С мгновение она не отвечала. Ее дыхание несколько участилось, пока она пыталась проникнуться до конца значением этой мрачной концепции.
— За миллион лет, скажем, — продолжал инженер, — потомки этих тварей вполне могли бы опять стать людьми или чем-то на них похожим. Другими словами, мы вполне можем быть свидетелями повторного сотворения рода людского. Но могут ли это быть настоящие питекантропы эректус, а не существа с бурой кожей и рыжеватыми волосами из учебников биологии? Вот какова наша проблема.
Она не ответила, но внезапное любопытство, одолев все прочие ее чувства, вспыхнуло в глазах.
— Дайте мне самой на них посмотреть! Я должна! Я хочу!
И, прежде чем он смог ее удержать, она устремилась обратно в комнату, которую они покинули.
— Нет, нет! Нет, Беатрис! — прошептал он. Но она не обратила на него ни малейшего внимания. И стала пробираться по захламленному полу. К тому времени, когда Стерн смог добраться до нее, она уже приложила лицо к длинной осыпающейся трещине в стене и с увлечением всматривалась в лес.
Глава 21. Ева становится амазонкой
СТЕРН ПОЛОЖИЛ РУКУ ей на плечо, пытаясь увести. Такое зрелище, как ему казалось, не подходило для нее. Но она пожала плечами, словно заявляя: «Я не ребенок. Теперь мы с вами на равных, и я должна видеть!» Так что инженер отступил. И тоже приблизил глаз к извилистой трещине.
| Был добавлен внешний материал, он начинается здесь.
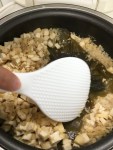 3. Once the rice and other ingredients in the rice cooker have soaked for about 30 minutes, add the light soy sauce, sake, hon mirin, and salt to the rice cooker. Stir to ensure even distribution of the ingredients. Now add the ginger and abura-ageh. Lastly, add the sesame oil and then turn on the cooker.
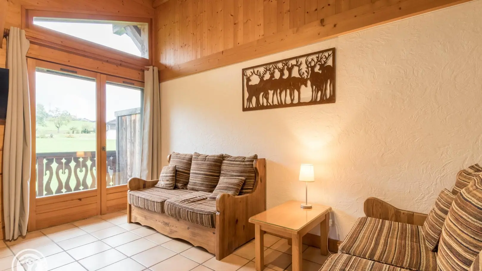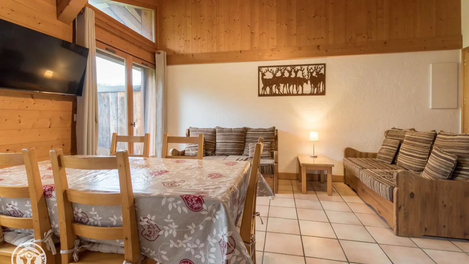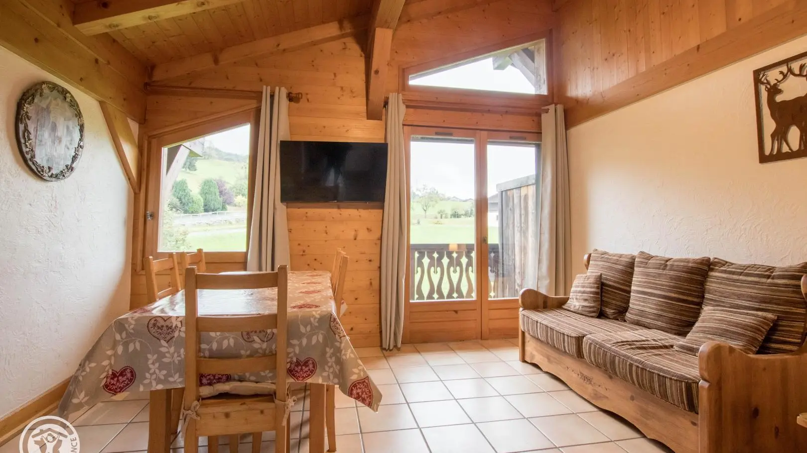 Gîte de 51m2 (dont 4m2 mansardés) aménagé au 2ème étage d'un chalet comprenant le logement des propriétaires et 2 autres gîtes. Cuisine intégrée ouverte sur séjour, Chambre 1 (1 lit 2 pers 160 x 200 cm, et possibilité d'1 lit 80cm d'appoint pour un enfant < 10 ans), Chambre 2 (2 lits 90), Salle de bains, WC indépendant. Buanderie commune au rez-de-chaussée (lave-linge). Chauffage central, balcon, terrain commun, local à ski, salon de jardin, barbecue, possibilité d'une place de garage (en option 30€/s). Jeux enfants. Parking privé. Possibilité de location de draps/et linge de toilette. Télécabine de la Princesse à 300m, Palais des sports Megève à 3Km (piscine, patinoire, remise en forme, tennis,etc...), VTT, promenades en traineau. Gîte en retrait de la route menant à Saint-Gervais. Circuits et parcours raquettes à 1.5km. Plan d'eau biotope à 1.5km. Chamonix à 30km.

При виде небольшого участка леса, доступного взгляду, и нескольких представителей дикой оравы его опять охватило мощное отвращение. В сознание приливом хлынула глубоко укоренившаяся любовь к роду мужчин и женщин, таких как они, к людям иных дней. Стерн, казалось, почти видел их снова, высоких, атлетически сложенных, с прямыми конечностями мужчин, гибких, с высокой грудью женщин, светлокожих, с густыми волосами, и все они вот уже тысяча лет как низвергнуты в бездну погибели и вечного забвения. Никогда прежде инженер не осознавал, как бесконечно близки для него ему подобные. Никогда он так не восхищался различными типами силы и красоты, как теперь, когда все они стали воспоминанием. «Фу, — думал он, бесконечно раздраженный тем, что видит. — А все эти твари похожи на муравьев из одного муравейника! Хотел бы я знать, имеется ли у них столько сообразительности и социальных навыков, сколько у муравьев». Он слышал учащенное дыхание Беатрис, тоже наблюдавшей за происходящим вовне. Там произошла заметная перемена. Туман поредел, ибо его разгоняли крепчающий ветер, проникший в Мэдисонскую чащу, и все выше поднимающееся солнце. Наблюдатели могли теперь видеть дальше, и оба обнаружили, что большая часть сообщества погружается в сон. Лишь немногие неуверенно блуждали тут и там вялым шагом, свидетельствующим о слабости в коленях. В ближайшей группе, которую у Стерна уже была возможность тщательно изучить, улеглись все, кроме одного. Теперь мужчина и женщина отчетливо слышали грубый звериный храп примерно десятка тварей.